- Requirement: In your copy, repeat each record exactly and include no pictures.

- Records for the exercise:
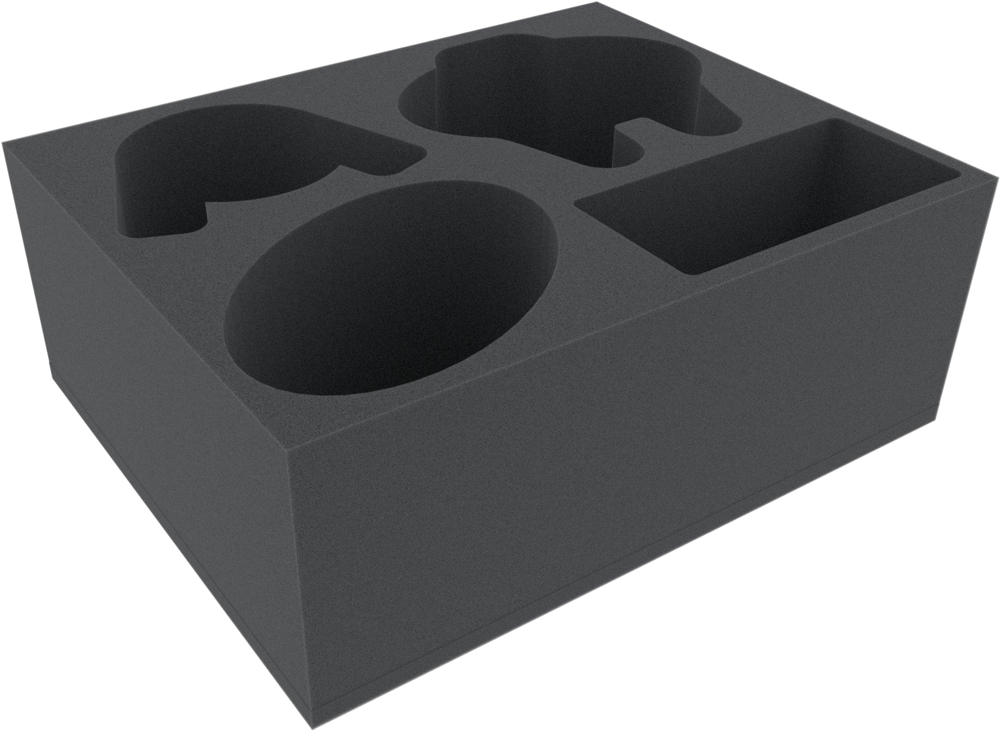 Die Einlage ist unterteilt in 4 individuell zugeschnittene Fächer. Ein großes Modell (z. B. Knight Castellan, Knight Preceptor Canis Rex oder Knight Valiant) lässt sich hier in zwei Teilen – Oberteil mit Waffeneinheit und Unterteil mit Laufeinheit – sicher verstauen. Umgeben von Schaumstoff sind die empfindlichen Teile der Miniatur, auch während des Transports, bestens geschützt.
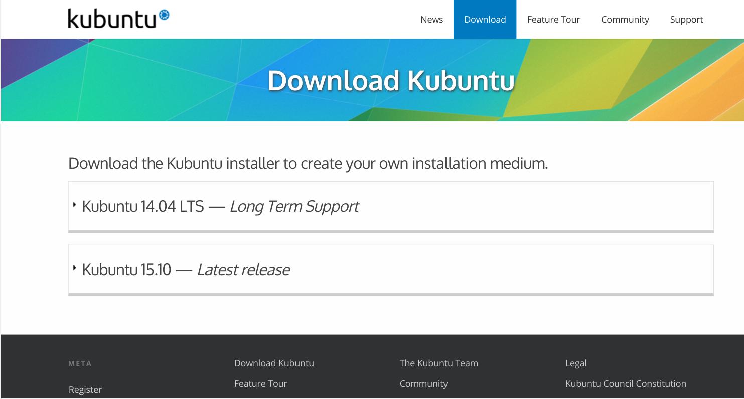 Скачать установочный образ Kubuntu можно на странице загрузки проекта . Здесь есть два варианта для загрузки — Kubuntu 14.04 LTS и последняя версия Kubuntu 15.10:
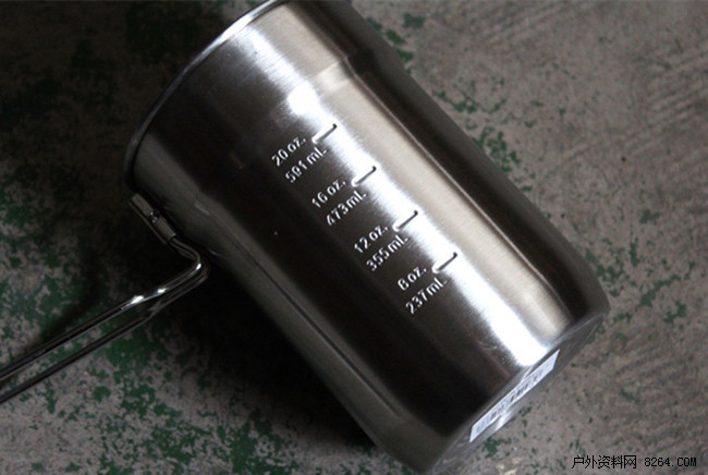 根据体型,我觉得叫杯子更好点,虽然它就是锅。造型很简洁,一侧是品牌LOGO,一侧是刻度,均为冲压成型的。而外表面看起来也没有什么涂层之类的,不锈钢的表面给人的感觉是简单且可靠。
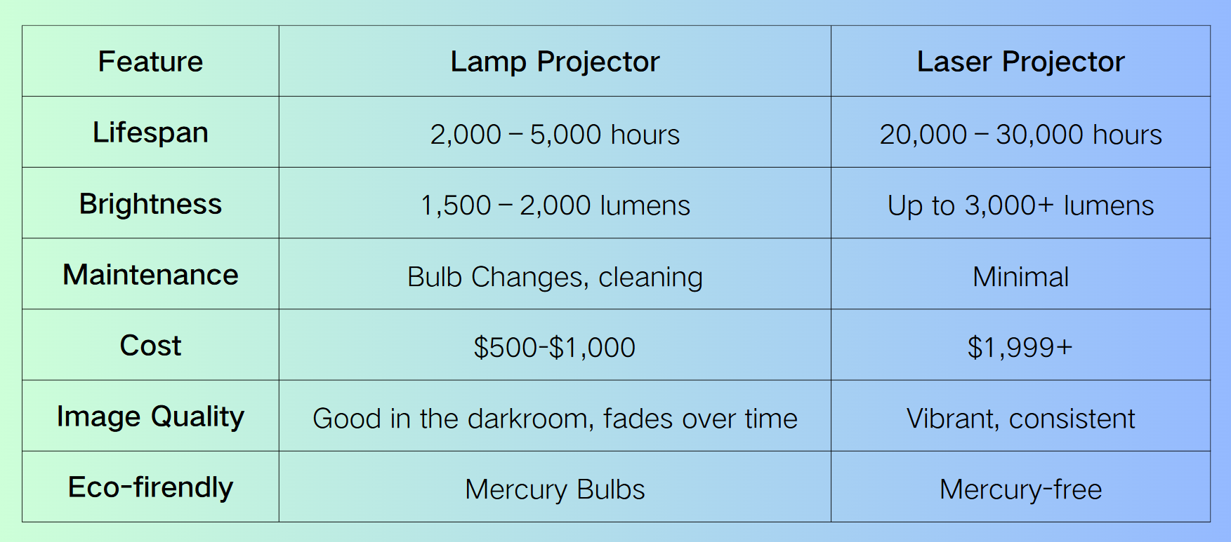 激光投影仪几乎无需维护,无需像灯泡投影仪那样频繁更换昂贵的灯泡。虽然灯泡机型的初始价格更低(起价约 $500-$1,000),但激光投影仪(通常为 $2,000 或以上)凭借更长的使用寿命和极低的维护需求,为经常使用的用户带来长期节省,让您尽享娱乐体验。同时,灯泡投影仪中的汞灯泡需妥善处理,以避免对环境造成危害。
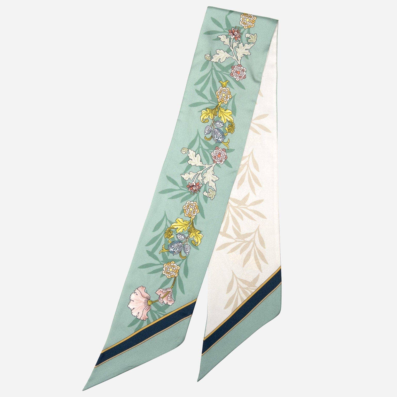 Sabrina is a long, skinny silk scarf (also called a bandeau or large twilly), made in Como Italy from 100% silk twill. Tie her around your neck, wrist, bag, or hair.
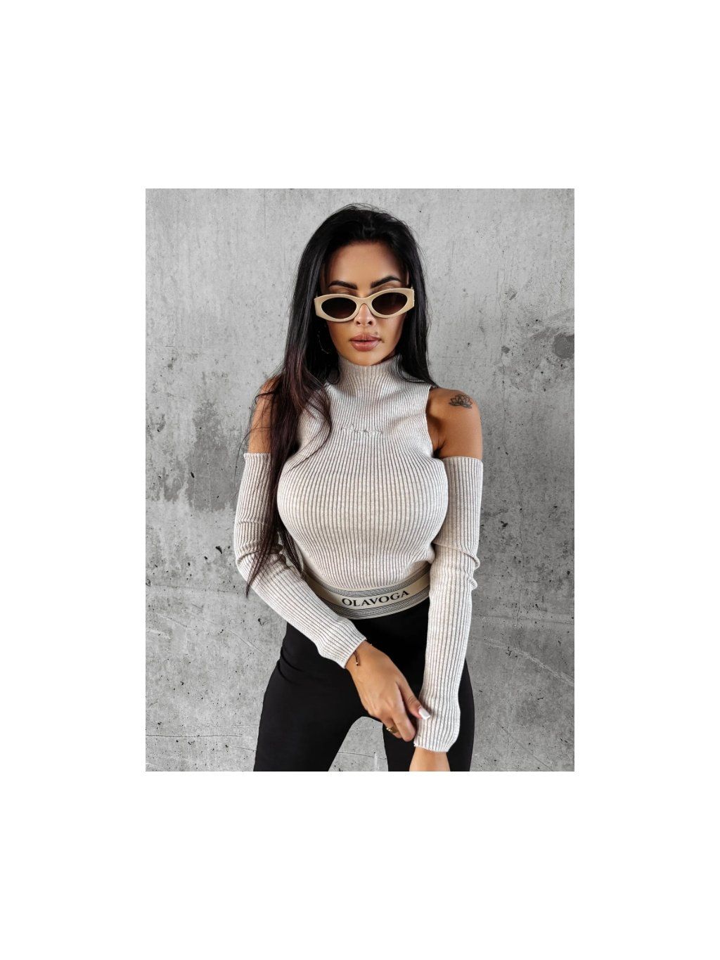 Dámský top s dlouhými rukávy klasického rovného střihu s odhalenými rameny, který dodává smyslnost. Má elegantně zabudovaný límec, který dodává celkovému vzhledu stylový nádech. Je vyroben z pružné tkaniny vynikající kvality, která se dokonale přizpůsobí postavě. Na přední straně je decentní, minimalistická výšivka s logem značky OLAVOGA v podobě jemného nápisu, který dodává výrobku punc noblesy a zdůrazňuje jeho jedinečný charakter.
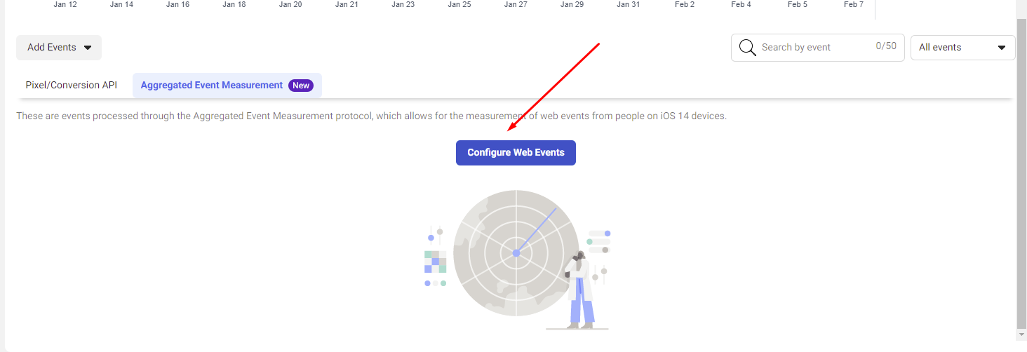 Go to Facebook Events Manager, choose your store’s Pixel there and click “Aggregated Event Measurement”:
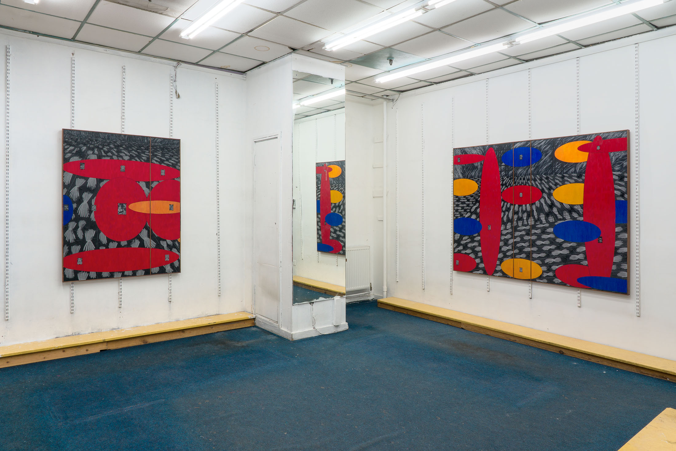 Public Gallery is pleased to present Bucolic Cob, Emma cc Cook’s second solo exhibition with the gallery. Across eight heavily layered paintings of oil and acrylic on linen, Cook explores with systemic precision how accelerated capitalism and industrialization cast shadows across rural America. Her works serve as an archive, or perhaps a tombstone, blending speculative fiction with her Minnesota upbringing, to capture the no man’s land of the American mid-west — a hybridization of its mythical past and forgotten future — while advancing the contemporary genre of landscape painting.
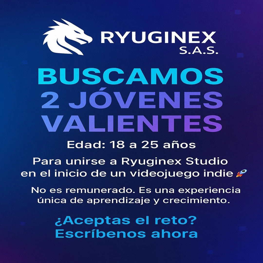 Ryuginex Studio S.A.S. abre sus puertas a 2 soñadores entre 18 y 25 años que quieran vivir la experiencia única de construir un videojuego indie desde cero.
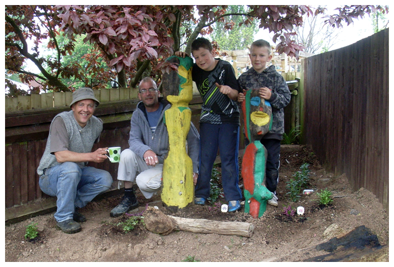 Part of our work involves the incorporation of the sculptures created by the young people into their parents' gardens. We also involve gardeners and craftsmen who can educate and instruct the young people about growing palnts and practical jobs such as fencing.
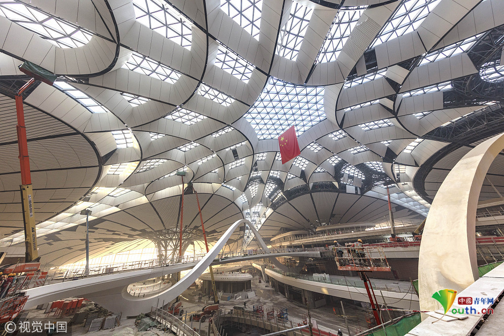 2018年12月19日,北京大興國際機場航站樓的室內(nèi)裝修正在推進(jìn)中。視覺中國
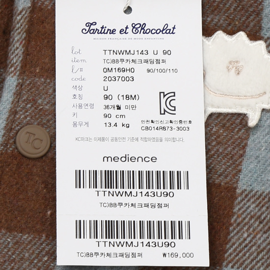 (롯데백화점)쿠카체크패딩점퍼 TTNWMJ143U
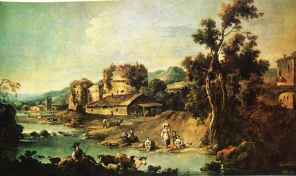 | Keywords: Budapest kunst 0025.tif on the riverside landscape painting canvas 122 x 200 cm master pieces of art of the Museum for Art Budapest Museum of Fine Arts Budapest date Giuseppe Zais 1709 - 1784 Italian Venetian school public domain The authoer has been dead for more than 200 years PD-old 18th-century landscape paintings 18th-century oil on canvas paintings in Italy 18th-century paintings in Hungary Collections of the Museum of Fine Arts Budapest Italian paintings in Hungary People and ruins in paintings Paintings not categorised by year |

- Task solution:
 Die Einlage ist unterteilt in 4 individuell zugeschnittene Fächer. Ein großes Modell (z. B. Knight Castellan, Knight Preceptor Canis Rex oder Knight Valiant) lässt sich hier in zwei Teilen – Oberteil mit Waffeneinheit und Unterteil mit Laufeinheit – sicher verstauen. Umgeben von Schaumstoff sind die empfindlichen Teile der Miniatur, auch während des Transports, bestens geschützt.
 Скачать установочный образ Kubuntu можно на странице загрузки проекта . Здесь есть два варианта для загрузки — Kubuntu 14.04 LTS и последняя версия Kubuntu 15.10:
 根据体型,我觉得叫杯子更好点,虽然它就是锅。造型很简洁,一侧是品牌LOGO,一侧是刻度,均为冲压成型的。而外表面看起来也没有什么涂层之类的,不锈钢的表面给人的感觉是简单且可靠。
 激光投影仪几乎无需维护,无需像灯泡投影仪那样频繁更换昂贵的灯泡。虽然灯泡机型的初始价格更低(起价约 $500-$1,000),但激光投影仪(通常为 $2,000 或以上)凭借更长的使用寿命和极低的维护需求,为经常使用的用户带来长期节省,让您尽享娱乐体验。同时,灯泡投影仪中的汞灯泡需妥善处理,以避免对环境造成危害。
 Sabrina is a long, skinny silk scarf (also called a bandeau or large twilly), made in Como Italy from 100% silk twill. Tie her around your neck, wrist, bag, or hair.
 Dámský top s dlouhými rukávy klasického rovného střihu s odhalenými rameny, který dodává smyslnost. Má elegantně zabudovaný límec, který dodává celkovému vzhledu stylový nádech. Je vyroben z pružné tkaniny vynikající kvality, která se dokonale přizpůsobí postavě. Na přední straně je decentní, minimalistická výšivka s logem značky OLAVOGA v podobě jemného nápisu, který dodává výrobku punc noblesy a zdůrazňuje jeho jedinečný charakter.
 Go to Facebook Events Manager, choose your store’s Pixel there and click “Aggregated Event Measurement”:
 Public Gallery is pleased to present Bucolic Cob, Emma cc Cook’s second solo exhibition with the gallery. Across eight heavily layered paintings of oil and acrylic on linen, Cook explores with systemic precision how accelerated capitalism and industrialization cast shadows across rural America. Her works serve as an archive, or perhaps a tombstone, blending speculative fiction with her Minnesota upbringing, to capture the no man’s land of the American mid-west — a hybridization of its mythical past and forgotten future — while advancing the contemporary genre of landscape painting.
 Ryuginex Studio S.A.S. abre sus puertas a 2 soñadores entre 18 y 25 años que quieran vivir la experiencia única de construir un videojuego indie desde cero.
 Part of our work involves the incorporation of the sculptures created by the young people into their parents' gardens. We also involve gardeners and craftsmen who can educate and instruct the young people about growing palnts and practical jobs such as fencing.
 2018年12月19日,北京大興國際機場航站樓的室內(nèi)裝修正在推進(jìn)中。視覺中國
 (롯데백화점)쿠카체크패딩점퍼 TTNWMJ143U
 | Keywords: Budapest kunst 0025.tif on the riverside landscape painting canvas 122 x 200 cm master pieces of art of the Museum for Art Budapest Museum of Fine Arts Budapest date Giuseppe Zais 1709 - 1784 Italian Venetian school public domain The authoer has been dead for more than 200 years PD-old 18th-century landscape paintings 18th-century oil on canvas paintings in Italy 18th-century paintings in Hungary Collections of the Museum of Fine Arts Budapest Italian paintings in Hungary People and ruins in paintings Paintings not categorised by year |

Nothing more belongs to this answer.